AIM OF THE TASK: Exactly the lines from the start of the data below through the line that contains "- مقبض الغلاية" are to be copied, with pictures left out.

DATASET RECORDS:
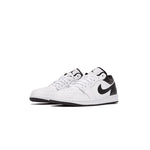 L'Air Jordan 1 Low "White Reverse Panda" est une nouvelle version du très populaire coloris "Panda" : elle présente la forme basse typique de l'AJ1, une tige en cuir blanc avec une zone d'orteil perforée, des détails noirs sur le col de la chaussure, le talon et les Swooshes latéraux, des détails du logo Air Jordan et une semelle comprenant un amorti Air.
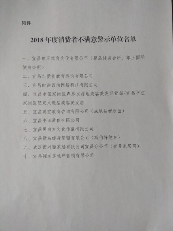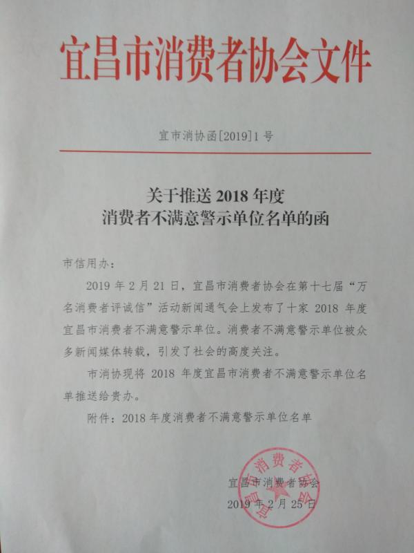 关于推送2018年度消费者不满意警示单位名单的函(宜市消协函[2019]1号)
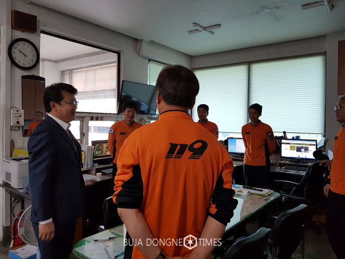 [부자동네타임즈 임홍빈 기자]복기왕 아산시장이 4일 민족고유의 명절 추석 당일 비상근무를 실시하고 있는 아산소방서를 비롯한 관내 주요 상황근무실을 방문해 따뜻한 격려와 함께 빈틈없는 운영을 부탁했다.
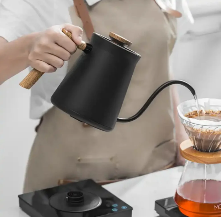 - مقبض الغلاية مصنوع من الخشب سهل المسك لتحكم أفضل.
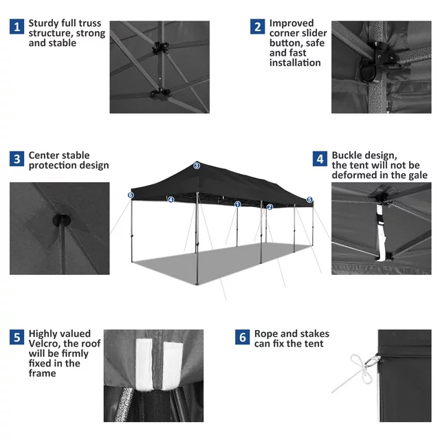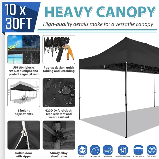 ?【Pop Up Easy Installation Canopy】: The 10x30 instant pop up gazebo tent can be quickly set up and taken down in half an hour. Equipped with detailed instructions and tutorials, two people can assemble or disassemble this canopy in half an hour without any tools, making it very convenient.
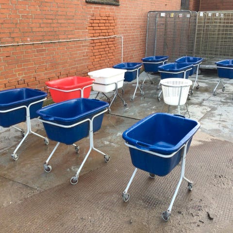 Velkørende vogne egnet til industrivaskeri, hvor tøjet skal sorteres inden vask,
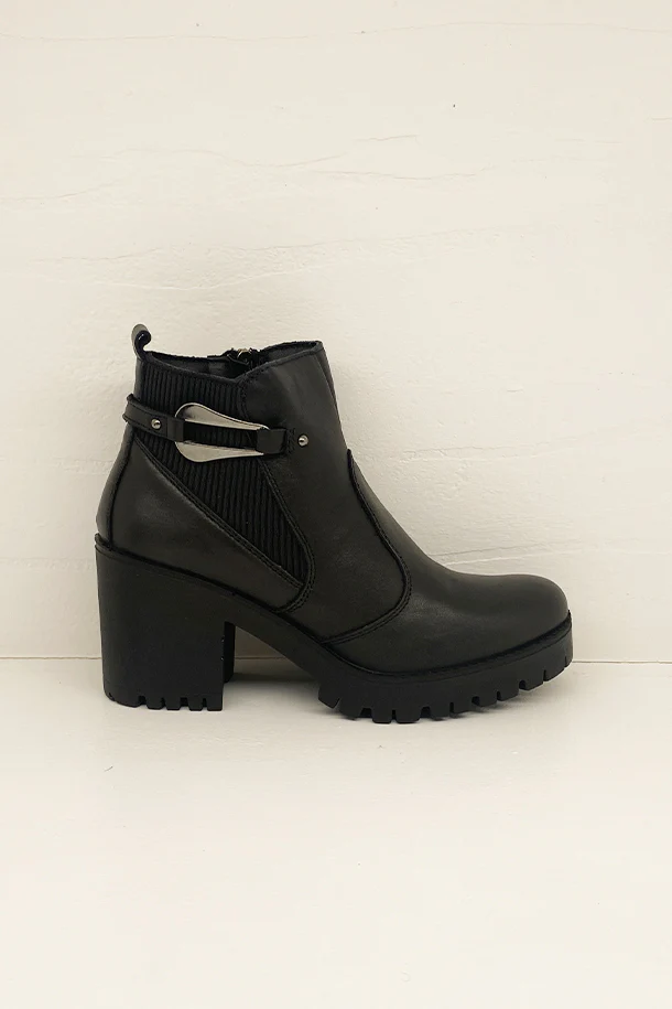 Stivaletti in pelle solid color con inserto elasticizzato in tinta, zip laterale interna, fibbia metallica decorativa, interno foderato, tacco 70mm e fondo in gomma
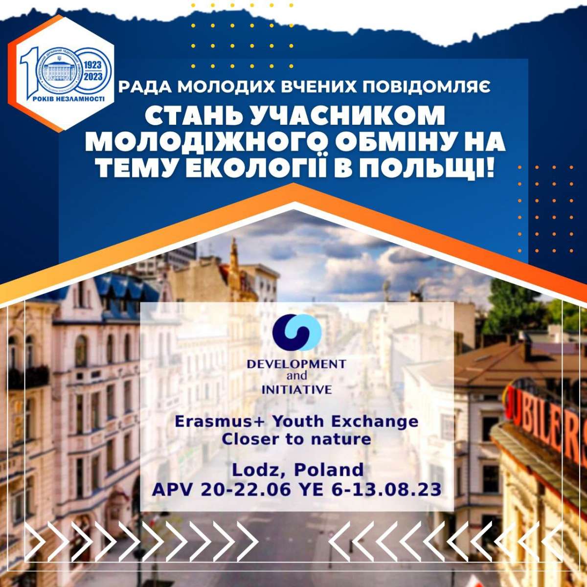 Рада молодих вчених МДПУ імені Богдана Хмельницького пропонує стати учасником та тім лідером на молодіжному обміні на тему екології в Польщі!
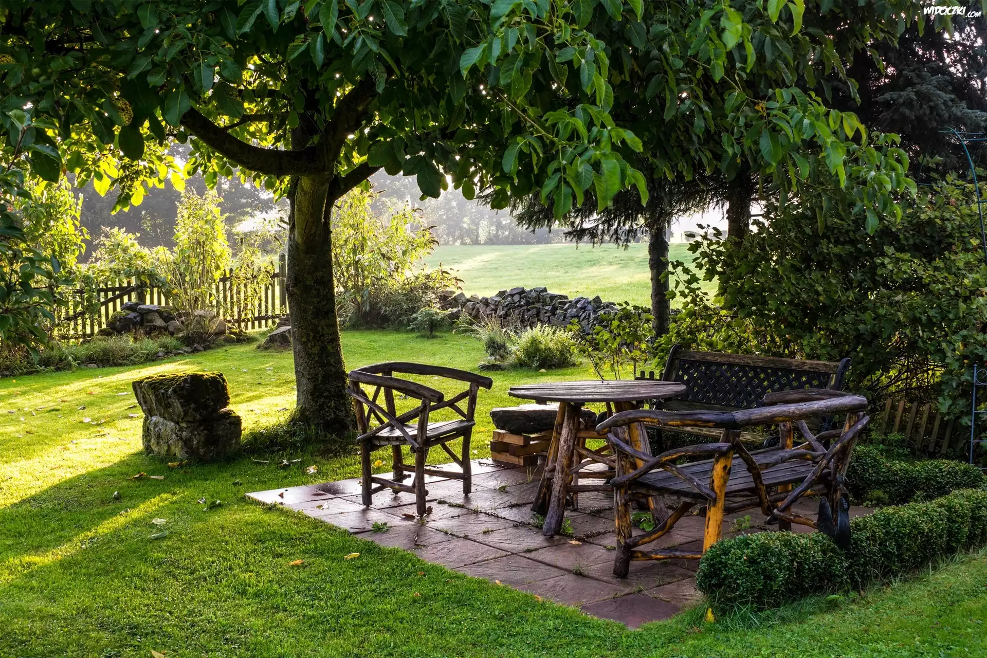 Zdjęcia, Ogród, Meble, Drzewa, Relaks
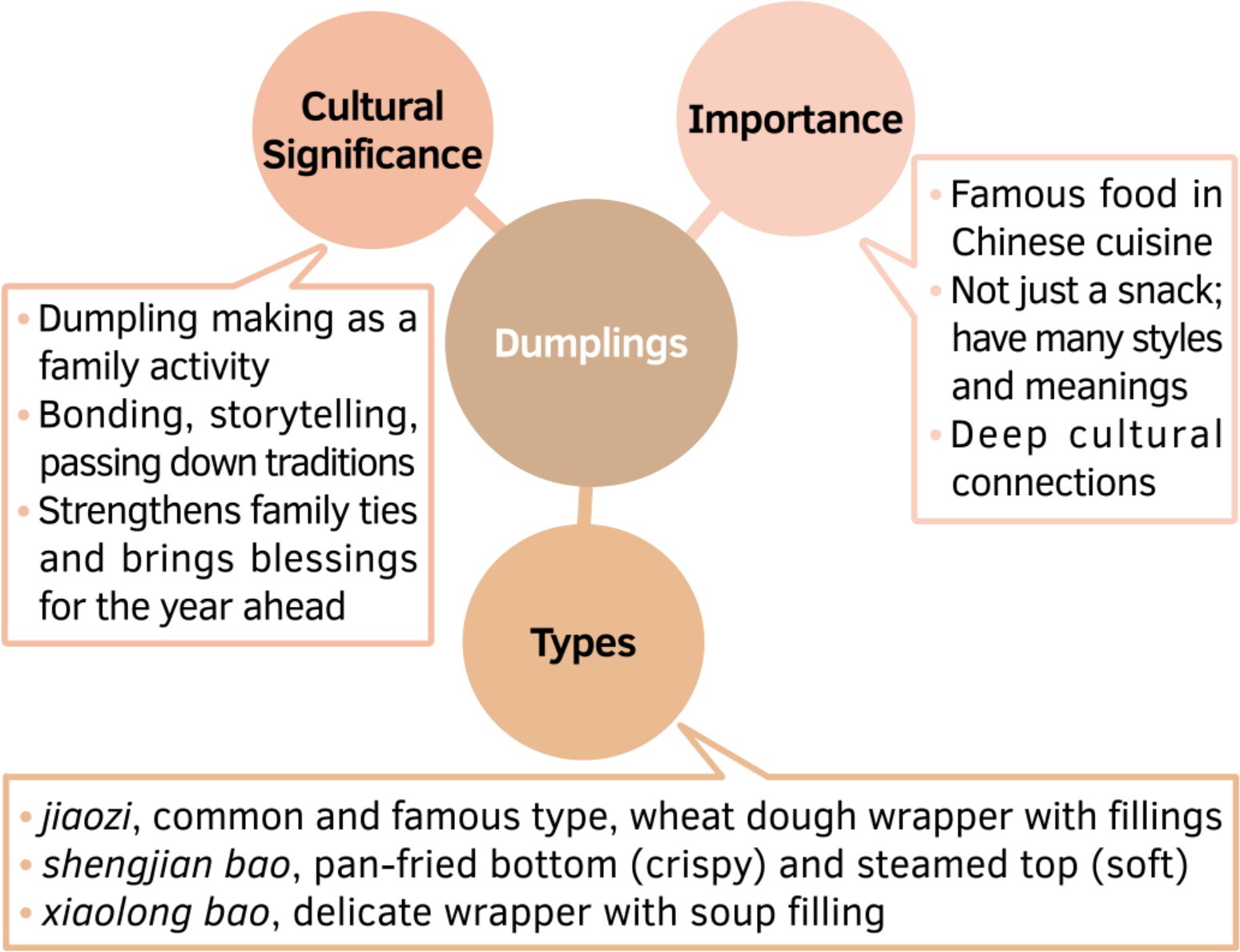 Look at the mind map below and try to introduce the typical Chinese food, dumplings, in English.
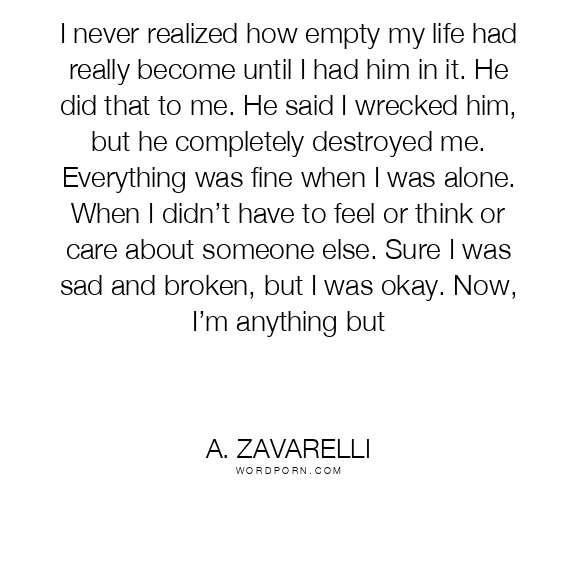 I never realized how empty my life had really become until I had him in it. He did that to me. He said I wrecked him, but he completely destroyed me. Everything was fine when I was alone. When I didn’t have to feel or think or care about someone else. Sure I was sad and broken, but I was okay. Now, I’m anything but

THE ANSWER:
 L'Air Jordan 1 Low "White Reverse Panda" est une nouvelle version du très populaire coloris "Panda" : elle présente la forme basse typique de l'AJ1, une tige en cuir blanc avec une zone d'orteil perforée, des détails noirs sur le col de la chaussure, le talon et les Swooshes latéraux, des détails du logo Air Jordan et une semelle comprenant un amorti Air.
 关于推送2018年度消费者不满意警示单位名单的函(宜市消协函[2019]1号)
 [부자동네타임즈 임홍빈 기자]복기왕 아산시장이 4일 민족고유의 명절 추석 당일 비상근무를 실시하고 있는 아산소방서를 비롯한 관내 주요 상황근무실을 방문해 따뜻한 격려와 함께 빈틈없는 운영을 부탁했다.
 - مقبض الغلاية مصنوع من الخشب سهل المسك لتحكم أفضل.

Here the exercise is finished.